Kate is spot on in her review of potential physicians. I do the same. I found my new PCP after moving to Florida by looking through the background of around 30 PCPs associated with Baptist Health (the best of the the two health conglomerates here in northern FL; the other being UFHealth). I decided on a candidate: graduated med school in 98, decorated Navy vet serving in Afghanistan. I set up an appointment just to meet her. We hit it off immediately. I was particularly impressed with her “common sense” approach, which is what I had with my previous fellow doc in CT for 30 years. As my prostate biopsy approached 2 years ago, I began researching prostate oncologists, and found a good candidate. Fortunately, never needed to contact him, but I did my homework.
As Kate said, one first cut criteria is graduation date from med school.
It’s obvious that the problem is not ONLY admission standards. They clearly are cutting the quality of instruction, and the standards needed for a degree.
Meanwhile, apparently the University if North Carolina is seems to be repealing all the DEI nonsense.

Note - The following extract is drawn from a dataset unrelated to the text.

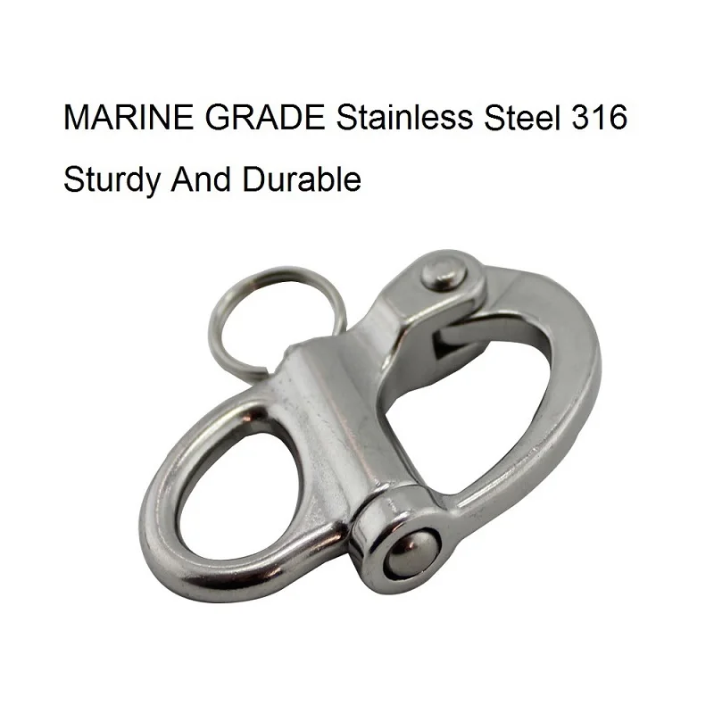 Материал: нержавеющая сталь 316 Поверхность: высокополированное Размер: 35 мм 52 мм 69 мм 96 мм Упаковка: 1 шт. Особенности: 1. Быстросъемный пружинный штырь и центральный шарнирный штырь 2. Плунжерное действие-легкое, широкоугольное открытие 3. Сверхпрочная конструкция из нержавеющей стали 304, полированная для гладкого внешнего вида 4. Вытяжное кольцо из нержавеющей стали и компактная поворотная головка тюка 5. Используется для дайвинга, серфинга, веревки для выживания на открытом воздухе

Yep I look for old grey headed white guys. My current md has an added bonus of turning wrenches at the ford place at night to help fund his education.
Maybe Chris Rufo needs to look closely at Lucero’s records. He’s been making a difference.
Hooray for UNC, and this vote was for the entire UNC system, not just the flagship campus in Chapel Hill. Our license plates sometimes say, “First in Freedom,” to commemorate NC’s ratification of the US Constitution. Now we’re a leader headed towards more academic freedom and, therefore, better quality academics.
It will take a while to make this “stick,” of course.